** Opening DATA SHOWN block **

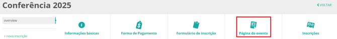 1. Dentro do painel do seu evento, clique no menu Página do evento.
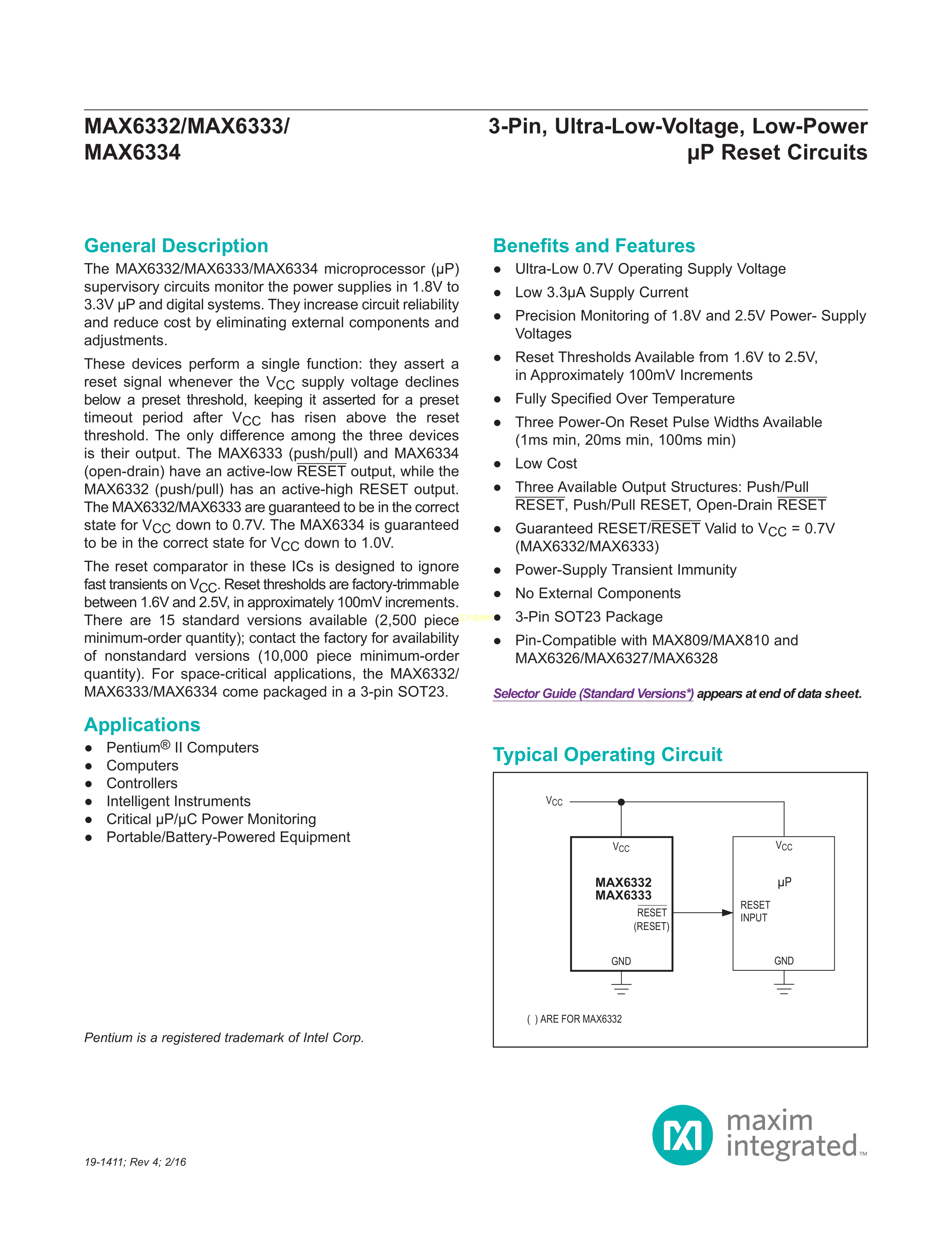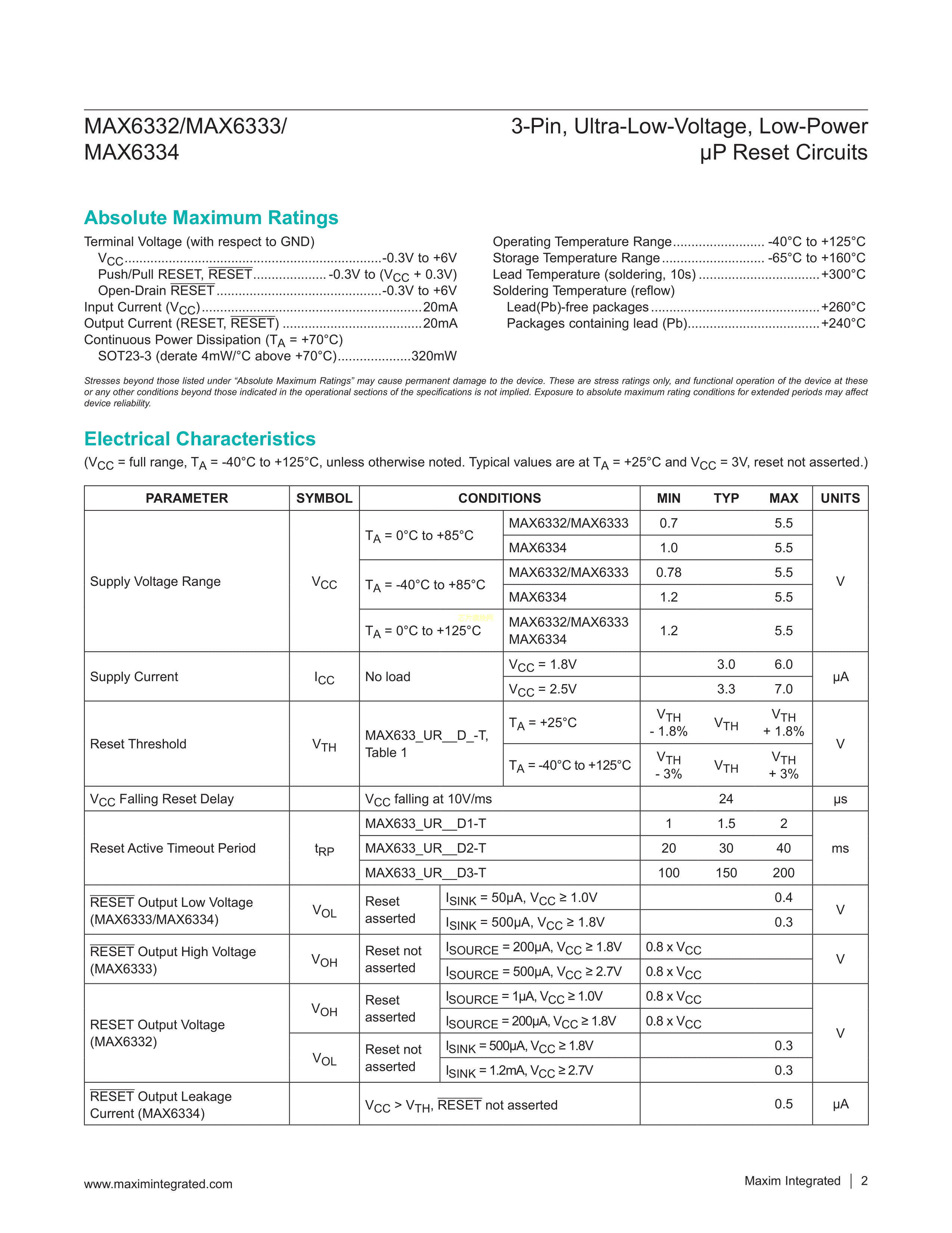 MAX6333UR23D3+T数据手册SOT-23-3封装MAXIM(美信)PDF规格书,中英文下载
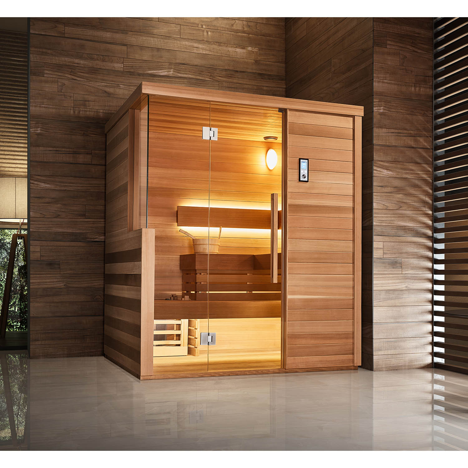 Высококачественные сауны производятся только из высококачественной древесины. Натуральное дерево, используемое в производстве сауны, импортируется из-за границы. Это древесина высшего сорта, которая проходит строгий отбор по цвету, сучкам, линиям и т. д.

** Closing DATA SHOWN block **

WORK REQUEST: Only those lines from the one containing "MAX6333UR23D3+" to the end of the material above, retyped exactly and without pictures, belong in your reply.

WRITTEN RESPONSE:
 MAX6333UR23D3+T数据手册SOT-23-3封装MAXIM(美信)PDF规格书,中英文下载
 Высококачественные сауны производятся только из высококачественной древесины. Натуральное дерево, используемое в производстве сауны, импортируется из-за границы. Это древесина высшего сорта, которая проходит строгий отбор по цвету, сучкам, линиям и т. д.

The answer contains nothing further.